No entanto, como bem chama à atenção Vandevelde, (2007), uma autora que investigou a fundo a biografia profissional de Mérand, se este recurso a exercícios “retirados do jogo” é uma das inovações mais importantes inspiradas em Mérand, não deixa também de ser uma das mais difíceis de penetrar nas práticas quotidianas. De facto concordamos plenamente com esta opinião. Esta forma de conceber os ditos exercícios retirados do jogo requer da parte dos educadores/treinadores uma fina sensibilidade pedagógica que só é acessível a quem conheça muito bem o jogo e os comportamentos situados dos jogadores. Ainda relativamente a este temática do exercício, alguns exemplos de aplicação simplificada do esquema acima exposto, aplicadas a vários desportos, encontram-se em algumas publicações (Goirand, Journet, Marsenach, Moustard, & Portes, 2004). Aí a questão principal é a estrutura espacial do exercício ser retirada do jogo, dando sentido e significado ao exercício, o qual se realiza sem oposição e depois com oposição. Tal estrutura serve para, fundamentalmente, construir as habilidades motoras possíveis que são soluções concretas para os problemas do jogo, duma forma progressiva e adaptada.

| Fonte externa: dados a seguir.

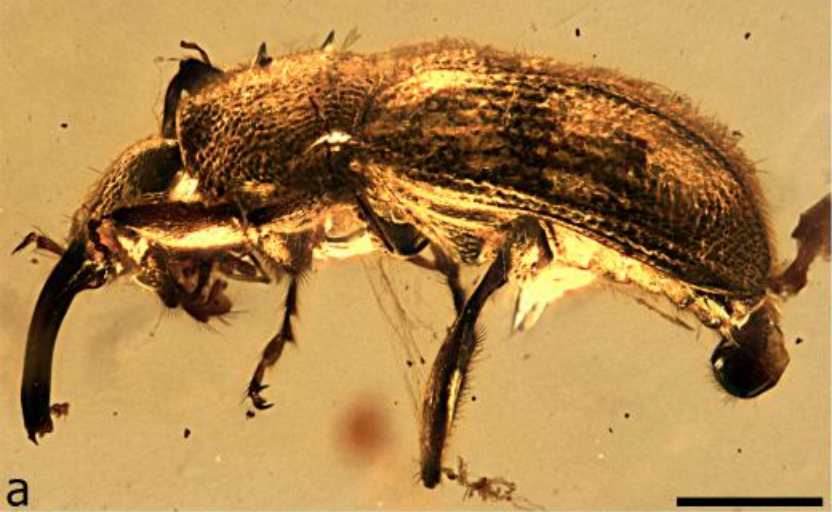 Acalyptopygus elongatus, holotype. Habitus, left lateral (a); Scale bar: 0.5 mm

Voltando depois ao jogo, dadas as semelhanças entre o exercício e a situação do jogo de onde foi retirada e dada a forma variada, progressiva e situada como as soluções motoras foram trabalhadas espera-se um transfert positivo real. Refira-se que esta estrutura do exercício foi também utilizada noutros desportos que não os desportos colectivos, como por exemplo na Ginástica Desportiva.

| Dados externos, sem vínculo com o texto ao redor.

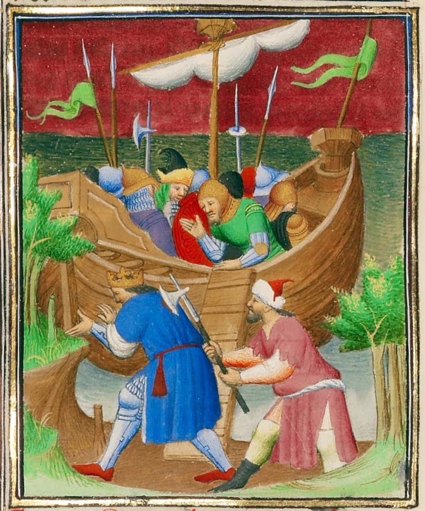 "The blood-red sky and green ocean form a menacing background against which the devious action of this miniature unfolds: a guard drives his battle-ax into Demetrius Nicator's back as he attempts to land in Tyre. Demetrius, king of Syria, was unpopular among his troops and subjects. His pride was his downfall, and he was deposed and imprisoned several times. Defeated and deserted by his wife and children, the king left Syria, taking a boat to Tyre. He planned to devote himself to the service of the god Hercules, who had a temple there. He arrived safely at the port, but the prefect of Tyre had him killed as he left his ship."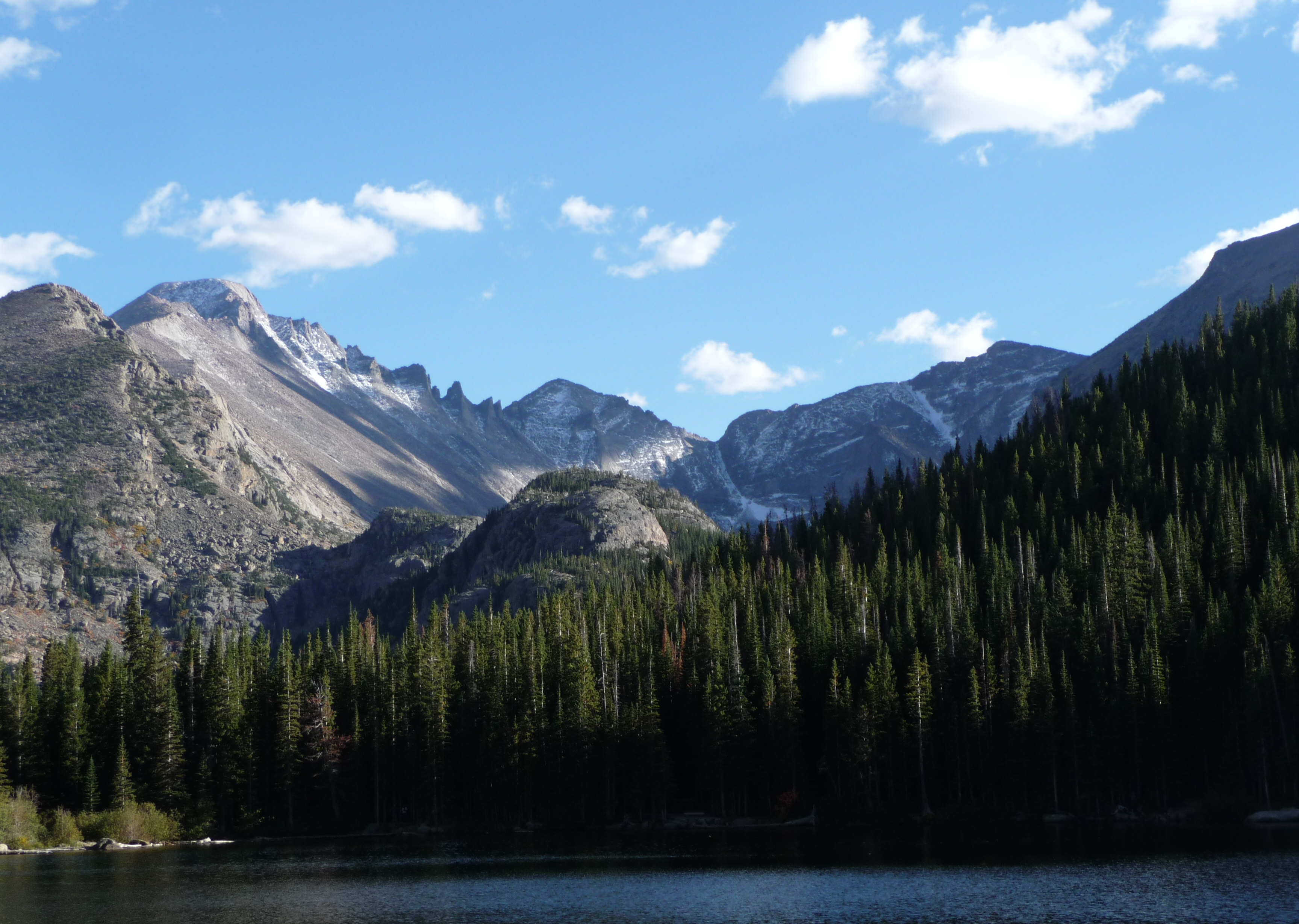 See file name

Os exercícios são uma das ferramentas práticas do treinador, não a única. Um outro grupo de ferramentas é composto pelas várias formas de jogo: dirigido, condicionado, formal; jogo em formatos reduzidos ou totais. Aliás, pode-se dizer que as formas de exercício e de jogo constituem um continuum, que vai do exercício mais analítico ao jogo mais parecido com a competição formal, havendo até formas de preparação que tentam submeter os jogadores a condições mais duras do que aquelas que eles encontrarão na competição normal.

Saber explorá-los – aos exercícios - naquilo que eles podem dar é um valor em si para os treinadores. E ter uma concepção do exercício que os integre no todo da preparação dos jogadores e equipas faz com que o treinador, mais do que um consumidor de exercícios, seja um conceptor, capaz de criar e adaptar os exercícios e jogos que que os seus jogadores precisam para aprender melhor.

Dufour, P., Tersac, C., & Rat, M. (1961). Une expérience pédagogique en basket. Revue EPS(56), 53-58.
Goirand, P., Journet, J., Marsenach, J., Moustard, R., & Portes, M. (2004). Les stages Maurice Baquet. 1965-1975. Genèse du sport de l'enfant. Paris: L'Harmattan.
Gratereau, R. (1955). Séries de exercícios para a iniciação e o treinamento do basket-ball. Belo Horizonte: Diretoria de esportes de Minas Gerais.
Mérand, R. (1966). Structure d'un exercice de tir au panier en course. Revue EPS(79), 31-35.
Vandevelde, M. (2007a). Éducation physique et basket-ball.
Robert Mérand: un regard neuf sur l'activité de l'élève. Paris: Nouveaux regards / Éditions Syllepse / Centre EPS et Société.